Tournant son visage vers son livre, se détournant nonchalamment de la discussion en cours, elle chercha en tatonnant un bout de papier dans sa poche. Mais sa main ne rencontra que du vide ; déception suprême du lecteur qui veut marquer sa page. Elle allait fermer son livre, se résignant à mémoriser une page qu´elle était pourtant presque certaine d´oublier, mais le silence retint son geste. Un silence qui surprit la Poufsouffle, qui releva la tête.

L´infirmier était parti. Elle jeta un bref coup d´œil à sa voisine, même si elle savait pertinemment que... Trop tard. Les yeux avaient surpris son regard, et la regardait maintenant droit dans les yeux. Une voix lente résonna, sortant des profondeurs de la fatigue. Ada n'avait pas prévue de se faire exploratrice des abysses, ce soir. Tout bien considéré, elle n´avait pas prévu de se péter le genoux, non plus. Drôle de journée.

Prise sur le faite, Ada ne sut rien faire d´autre que de garder ses yeux dans les siens. Immobile -autant jouer la morte. La fille avait des yeux froids, des yeux qu´on n´aimait pas ; des yeux un peu fous. Ada, elle, avait des yeux calmes. Des yeux gentils. Des yeux doux.

Œil pour œil, et c´était quoi la suite ? Dent pour dent ? Ada se demandait comment ça allait se passer. Après tout, la Gryffondir semblait au bord du craquage. Ada se demandait s´il elle n´y était pas déjà, d´ailleurs, au vu du rire qu´elle laissa sortir des profondeurs de sa gorge. Elle allait vraiment pas bien, la gamine. Elle faisait presque peur, menaçante -pas tant envers les autres qu´envers elle-même, d´ailleurs.

Aussi la Poufsouffle décida d´être honnête. Après tout, les étincelles dans ses yeux ne mentaient pas : elle ne voulait de mal à personne, elle. Non, elle ne voulait de mal à personne, Ada. Une voix posée s´écoula, vent doux de la côte méditerranéenne :

_Rien. Ce n´était pas un rien d´adolescente agacée. C´était un rien sincère, un rien qui faisait hausser les sourcils d´honnêteté, et la voix de gentillesse. Ada haussa les épaules, réaffirmant ce rien, cette non-volonté de s´immiscer dans les affaires de l´autre.
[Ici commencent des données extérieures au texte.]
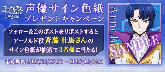 期間中にロススト公式Xをフォローし、対象のポストをリポストすると、斉藤壮馬さん、長月あおいさんのサイン入り色紙が抽選で各3名様に当たります。是非ふるってご参加ください!

Elle avait beaucoup à dire, mais rien à bousculer, alors autant se taire.

_Ah, si, je me demandais : t´aurais pas un bout de papier, par hasard ? En marque-page. Elle souleva son livre. Pas de jugements ; juste une demande. Je ne te considère pas comme une malade, une tarée, une patiente, une question. Mais comme quelqu´un de tous les jours ; et je me demandais, tout simplement, si t´aurais pas un marque-page. Pas de questions personnelles. Parce que la dynamite, si on lui marche dessus... ça explose. Pouf.

Si ça devie trop de ton plan initial, n´hesite pas à me le dire, je peux changer le post. ^^ Mes excuses pour le délai.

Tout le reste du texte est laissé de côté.